Fotos: Gianni D’Angelo/PMC
Caraguatatuba
Da redação
Na quinta, 17, foi realizada mais uma reunião de transição de governo em Caraguatatuba. O tema desse encontro, realizado na Secretaria de Administração, foi sobre as principais ações da Secretaria de Obras.
A reunião teve a presença da secretária adjunta de obras Tatiane de Oliveira Ribeiro; da coordenadora da comissão da atual gestão Eloiza Antunes; do secretário de assuntos jurídicos Dorival de Paula Júnior; e dos representantes da comissão da próxima administração: Ricardo Ribeiro, coordenador da comissão; Amauri Barboza Toledo, Eugênio de Campos Júnior e Josemar Vieira.
A secretária Tatiane falou de todas as obras e convênios na cidade e, no final da reunião, entregou um relatório com informações sobre o assunto, além de relação de todos os convênios e contratos em vigência no município.

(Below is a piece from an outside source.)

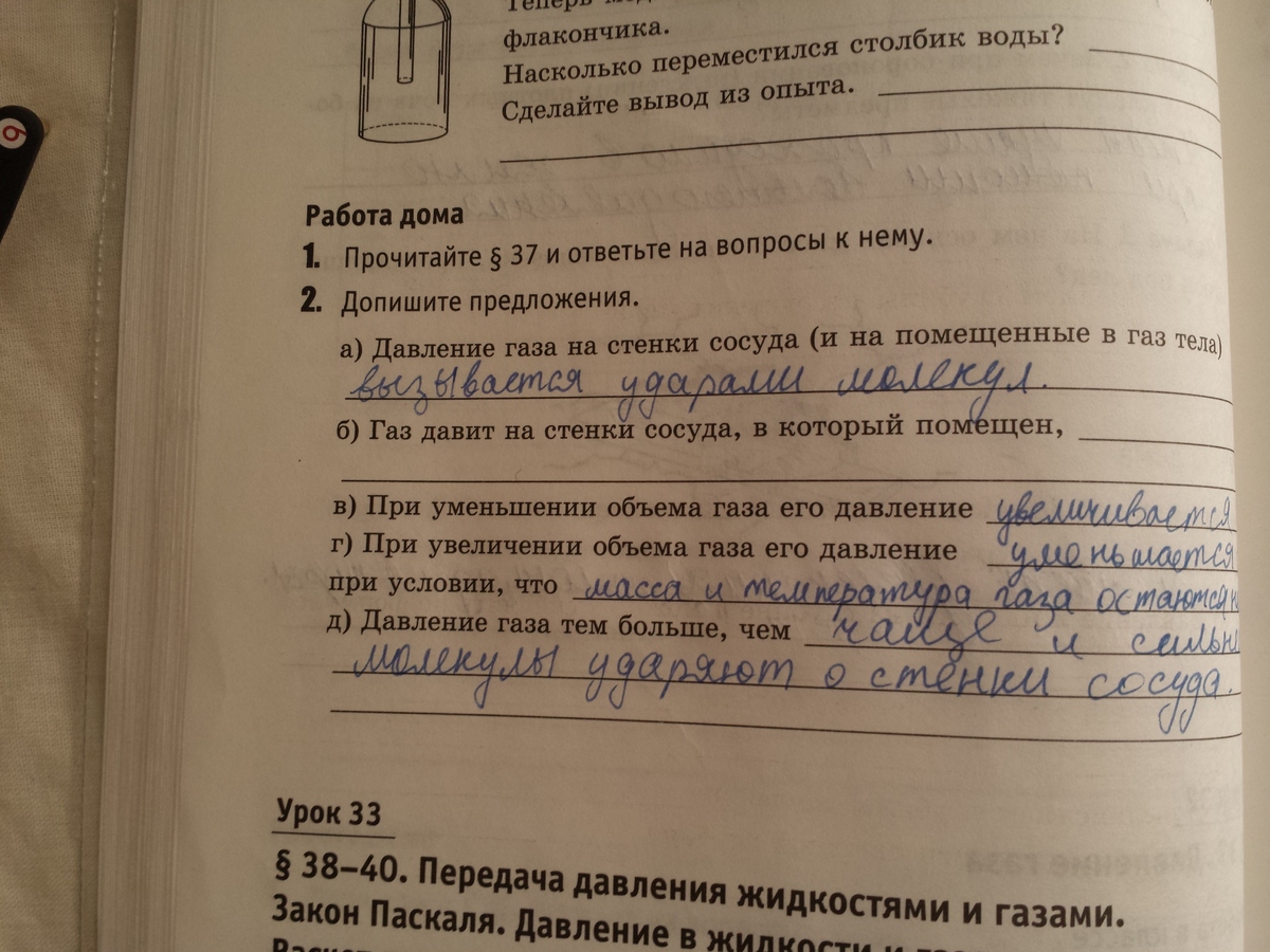 Газ давит на стенки сосуда, в который помещен, по всем направлениям одинаково

Já na quarta, 16, a transição focou esforços na atuação da Secretaria de Assuntos Jurídicos. Os assuntos abordados foram as procuradorias existentes na prefeitura, informações sobre a ouvidoria, Procon, patrimônios, o apoio aos tribunais, os processos em andamento, desapropriações e funcionários.

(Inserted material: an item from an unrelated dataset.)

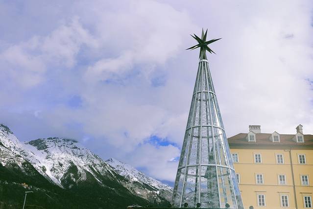 施华洛世奇的总部就建在了 因斯布鲁克 ,这颗在雪山脚下矗立的,便是施华洛世奇赞助的水晶圣诞树
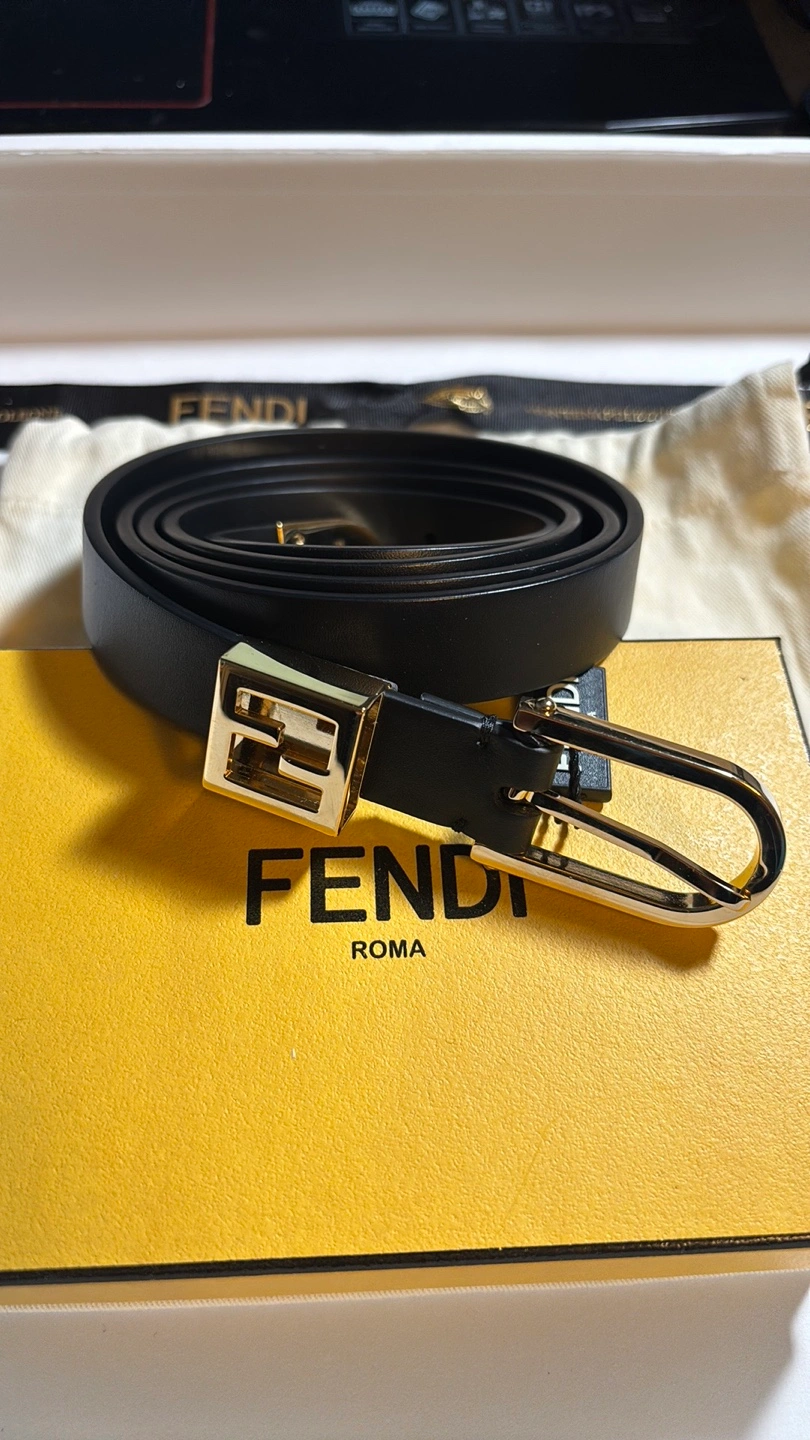 Black leather belt with gold hardware. Comes with box and dust bag.

Na ocasião, Dorival de Paula Júnior entregou à comissão da próxima gestão a relação de patrimônios e processos, em trâmite na Câmara, levantamento fundiário, lotação dos servidores, principais leis desde 2009, informações sobre o Procon e o relatório de prestação de contas da secretaria.
Dificuldades
Reuniões entre os grupos da atual e futura gestão têm ocorrido rotineiramente. Apesar da aproximação, o futuro prefeito Aguilar Jr. lamentou que algumas informações não estejam sendo disponibilizadas. “Minha equipe de transição tem atuado bastante. Achamos que seria mais fácil, considerando as imposições da lei de transição, mas tem sido difícil. Não temos tido resposta para uma série de demandas”.

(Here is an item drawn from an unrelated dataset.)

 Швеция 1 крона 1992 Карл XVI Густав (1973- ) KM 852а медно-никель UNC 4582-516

Segundo ele, questionamentos sobre a disponibilidade de medicamentos nos postos, ou sobre os TAC’s (Termos de Ajustamento de Conduta), por exemplo, são devolvidas sem resposta. “Eles dizem que veremos quando assumirmos, que a lei não exige que apresentem isso ou aquilo. Não creio que essa geração de dificuldades seja uma vontade do atual prefeito, acredito que ele se preocupa com o futuro de nossa cidade, mas essas situações tristes têm ocorrido, lamentavelmente”.